Again the moment stretched out. Lu held Dot’s gaze steady as a surgeon’s knife while Dot did some mental calculations for what she was going to believe was real and what she was going to ignore.
“How do you know my sister was named Stella? Who told you? Calvin? Did he tell you that? About the accident?”
“No,” Lu said, gentler now. “Brogan told me. He was…I lost him in an…accident too. And he’s still with me.”
“In your heart. In your memories,” Dot insisted.
“Right there.” She pointed at where I was crouched, and I grinned until it hurt.
“He’s a short man?”
Lu chopped off a laugh.
“You better say no,” I warned her, loving that smile, loving that laugh. “Tell her I’m fully grown. A mountain of a man. In every way.” I waggled my eyebrows even though I knew she couldn’t see me.
“He’s kneeling right now. Because he was trying to get my attention,” Lu said.
“You can see him?” Dot’s eyes were wider, and her color had gone a little off, her lips pale with a slight green around the edges.
“Not clearly, no. But I know him. I know he’s there. And he told me your sister, Stella, has been here, in her old room—where I’m staying, right?—waiting to talk to you.”
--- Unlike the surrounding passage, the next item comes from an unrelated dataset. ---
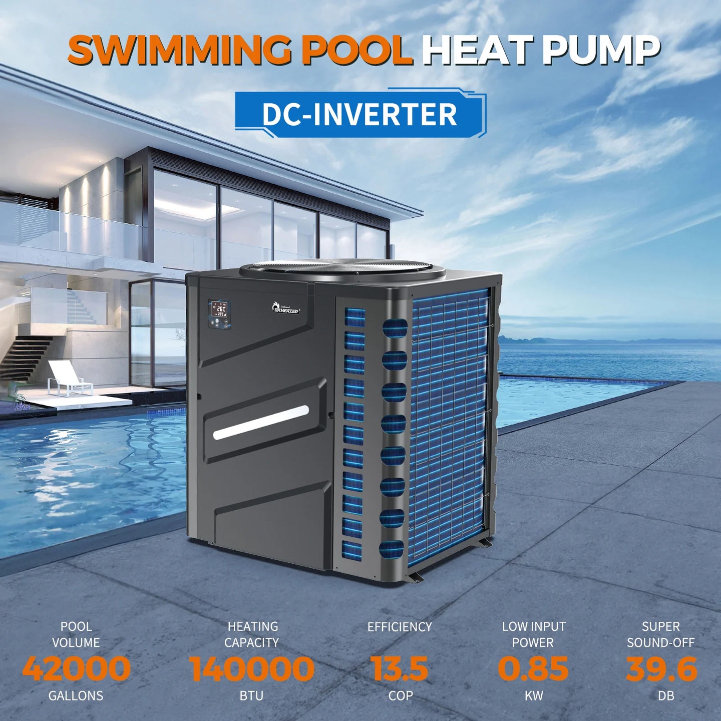 Dr. Infrared DR-1400HP 140,000 BTU Full Inverter Pool Heat Pump – Built For In-Ground & Above-Ground Pools – Includes 3 Year Whole Product Warranty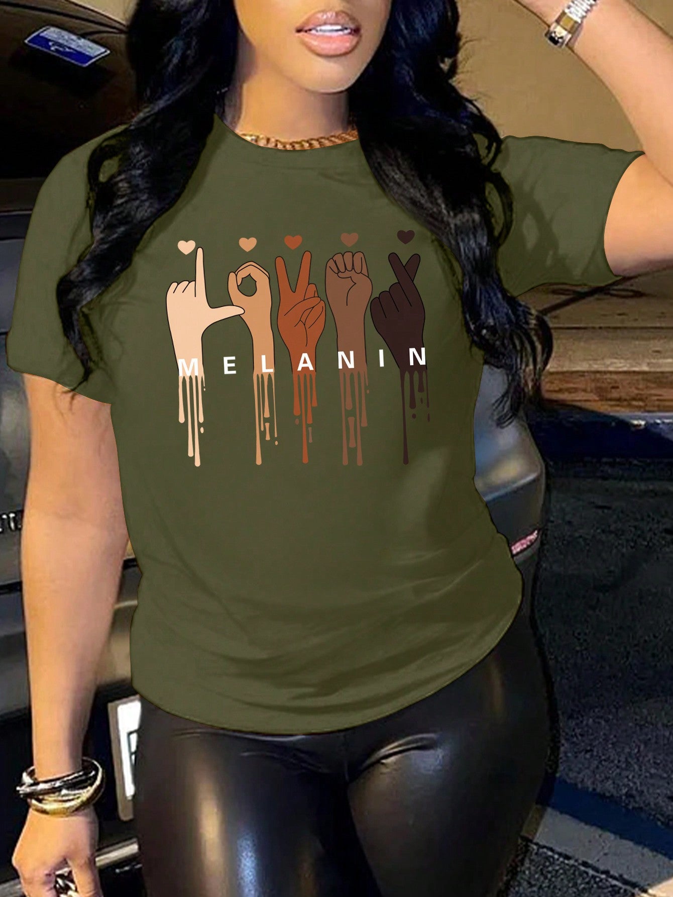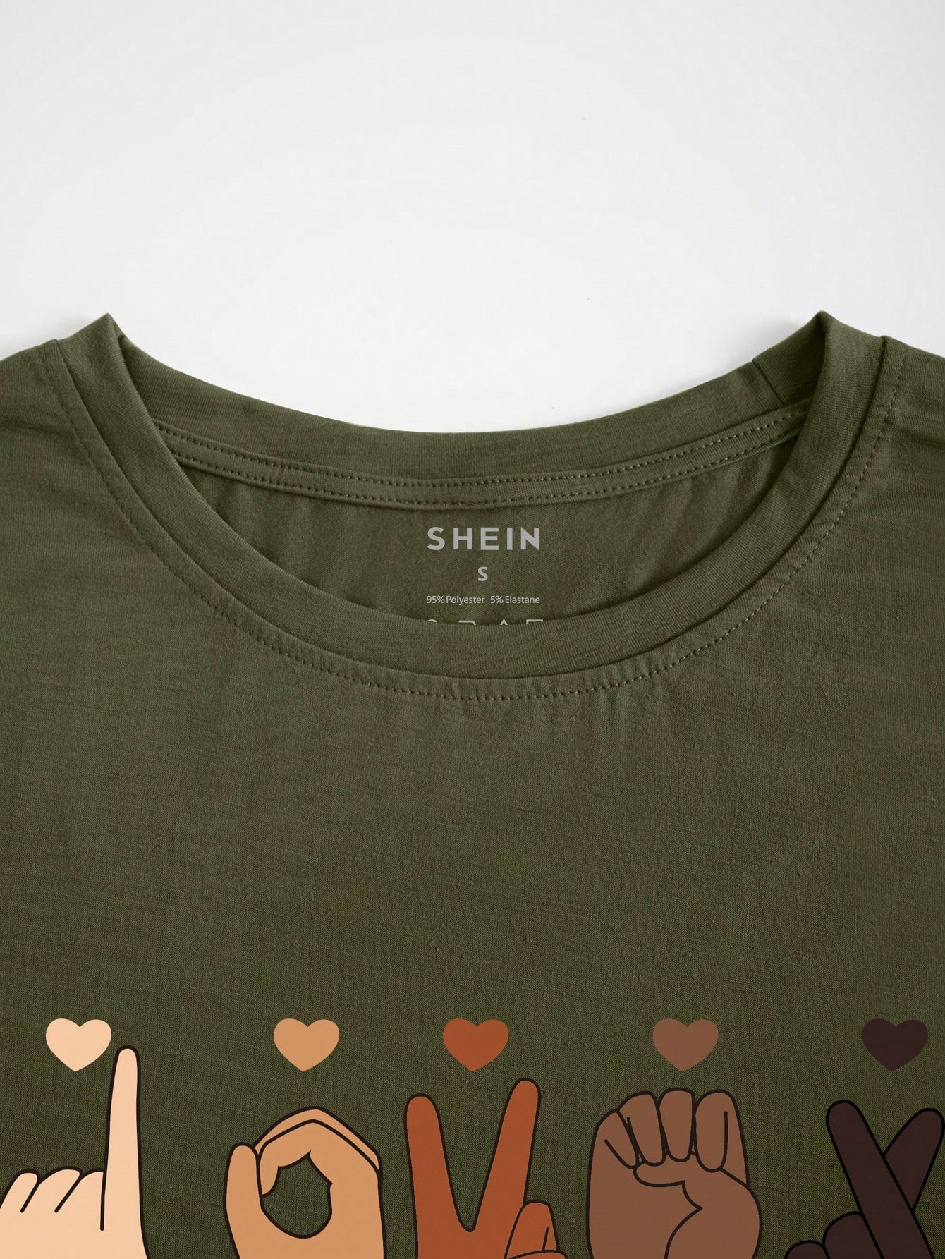 Women's Gesture Printed Short-Sleeve T-Shirt Graphic Tees Women Tops

Dot swallowed. “It’s, yes. It’s her room. But lots of people know what happened. If she’s…If what you’re saying is true, I need more. To believe.”
“I’m right here,” Stella said, moving around to stand in front of her sister. “Dotty, I’m right here. Honey, I’m here.”
“What would make you believe?” Lu asked.
Dot picked up her tea, lifted the cup to her lips, then put it down again. Her hands were trembling. “Is this because of that man? Are you trying to make…do this because he was…there was a gun in his hand?”
Lu shook her head, a short choppy movement. “I don’t screw around with people’s feelings or lives.”
“Well, except for meddling when you think people should fall in love,” I noted.
“There have been very few,veryfew, people I’ve told ghosts exist. Even fewer know about Brogan. If you don’t want me to speak of this, if you don’t want to speak to her, I will drop this like it never happened.”
Straight, even, clear. There was no doubting Lu was a woman of her word. She’d leave this conversation in an instant and ignore she had ever spoken the words.
It was frightening just how thoroughly Lu could shut down if she wanted to. She hadn’t been like that when we were alive. Sometimes it frightened me. Made me wonder how much this half-life had changed her. Made me wonder if we’d ever be together again, happy again, alive.
“I do,” Dot said, “want to talk to her. I don’t believe in, well, those things.”
“I didn’t use to either. A long time ago.” There was so much sorrow in those words, even Stella made a small, sad sound.
“I’m right here, love.” I rubbed my hands on her knees, then lifted one hand, finger extended and poked the tip of her nose.
She jerked her head back, surprised. Then she rolled her eyes. “Fine. I’m being maudlin. Dot, if you want to talk to Stella, I know she very much wants to talk to you. I can prove it’s Stella by telling you the details I know, which aren’t much. She likes to sit and knit in the corner of her old room. You two used to play in the old shed out back, and she was afraid of spiders. She died in a car accident, and she once met a man at the fair who sold her that book the gunman wanted.
“I haven’t actually talked to her, and can’t hear her right now, so I can’t ask her any questions to prove she’s here.”
“Then how am I…How can I talk to her?”
Lu’s shoulders stiffened. She didn’t like doing this either. Letting a ghost possess her, sharing her feelings, her memories, even for a short time.
“She wants to talk to you. Personally.”
“I don’t understand. Like a séance?”
“No. She wants to speak to you in her own words. That’s…harder. I’m…I can be a channel. She’ll share my body and can use my voice. She’ll step into me and talk through me.”